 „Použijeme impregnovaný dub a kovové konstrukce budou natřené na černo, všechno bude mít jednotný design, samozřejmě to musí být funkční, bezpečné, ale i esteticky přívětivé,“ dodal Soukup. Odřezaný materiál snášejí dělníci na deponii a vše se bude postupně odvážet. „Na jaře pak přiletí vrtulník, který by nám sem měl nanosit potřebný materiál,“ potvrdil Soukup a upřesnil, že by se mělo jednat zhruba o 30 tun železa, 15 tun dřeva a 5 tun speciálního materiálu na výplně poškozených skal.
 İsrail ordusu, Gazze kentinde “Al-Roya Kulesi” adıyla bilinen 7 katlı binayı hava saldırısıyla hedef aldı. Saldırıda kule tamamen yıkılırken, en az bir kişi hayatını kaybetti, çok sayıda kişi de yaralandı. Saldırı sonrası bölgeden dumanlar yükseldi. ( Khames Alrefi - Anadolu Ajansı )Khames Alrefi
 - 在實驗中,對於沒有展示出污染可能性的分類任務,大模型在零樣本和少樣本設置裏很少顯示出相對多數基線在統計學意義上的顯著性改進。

***

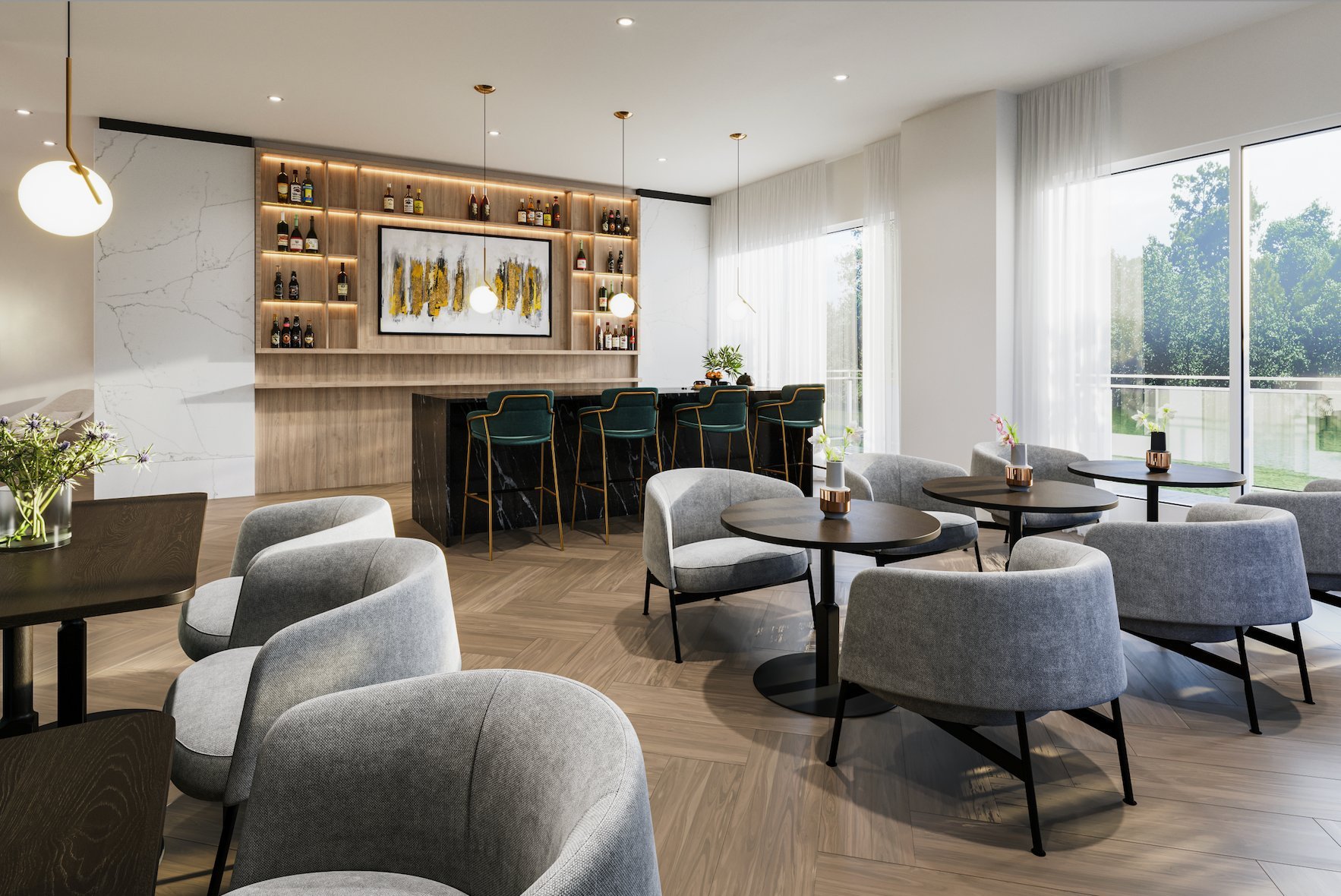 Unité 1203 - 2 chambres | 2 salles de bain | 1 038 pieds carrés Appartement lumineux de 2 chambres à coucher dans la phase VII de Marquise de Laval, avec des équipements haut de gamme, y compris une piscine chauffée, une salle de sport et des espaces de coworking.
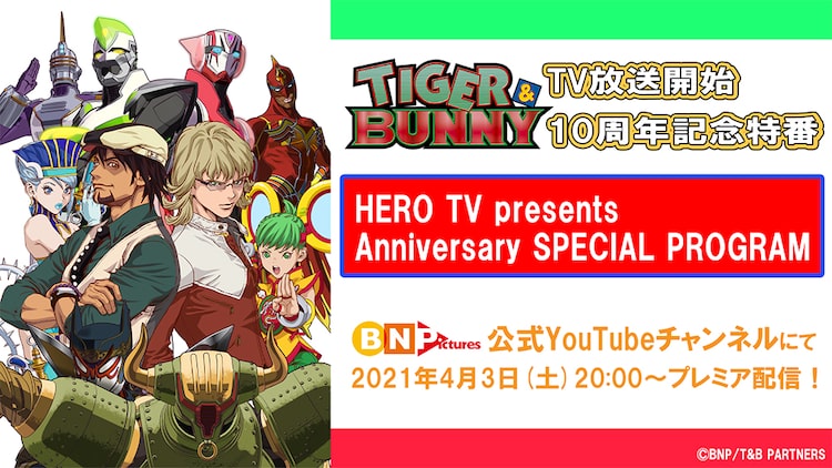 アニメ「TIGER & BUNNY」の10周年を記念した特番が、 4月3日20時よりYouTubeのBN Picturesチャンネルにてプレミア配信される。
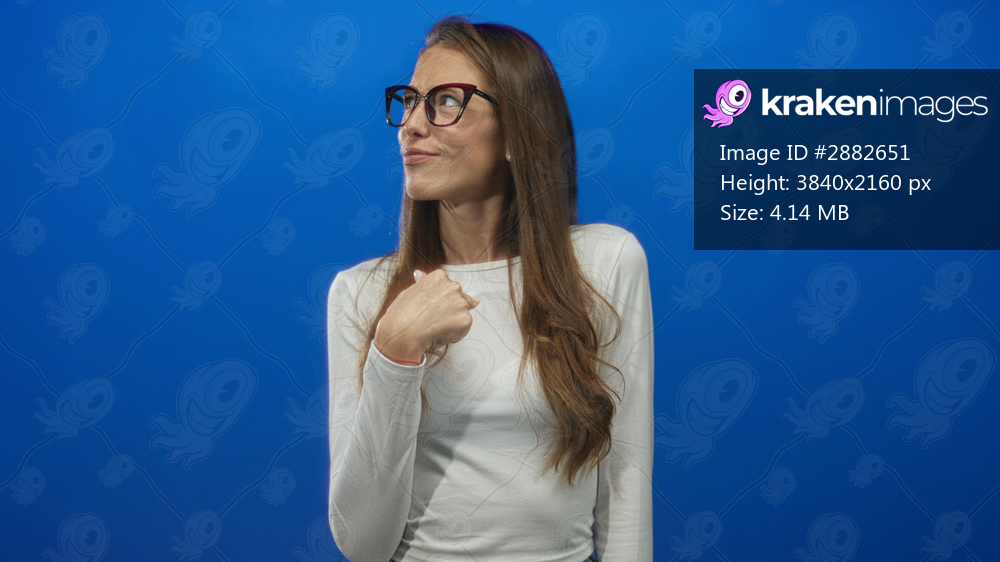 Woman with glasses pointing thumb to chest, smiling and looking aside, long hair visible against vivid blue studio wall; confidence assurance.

***

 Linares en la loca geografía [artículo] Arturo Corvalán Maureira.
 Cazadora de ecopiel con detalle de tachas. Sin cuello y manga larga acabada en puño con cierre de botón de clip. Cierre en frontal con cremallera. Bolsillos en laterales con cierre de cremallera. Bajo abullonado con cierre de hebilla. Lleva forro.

***

**Exercise prompt**
Of the lines above, copy only those from the one holding "Unité 1203 - 2" to the one holding "アニメ「TIGER & BUNNY」の10周年を記念した特番が、", both included, and exclude every image.

**Task answer**
 Unité 1203 - 2 chambres | 2 salles de bain | 1 038 pieds carrés Appartement lumineux de 2 chambres à coucher dans la phase VII de Marquise de Laval, avec des équipements haut de gamme, y compris une piscine chauffée, une salle de sport et des espaces de coworking.
 アニメ「TIGER & BUNNY」の10周年を記念した特番が、 4月3日20時よりYouTubeのBN Picturesチャンネルにてプレミア配信される。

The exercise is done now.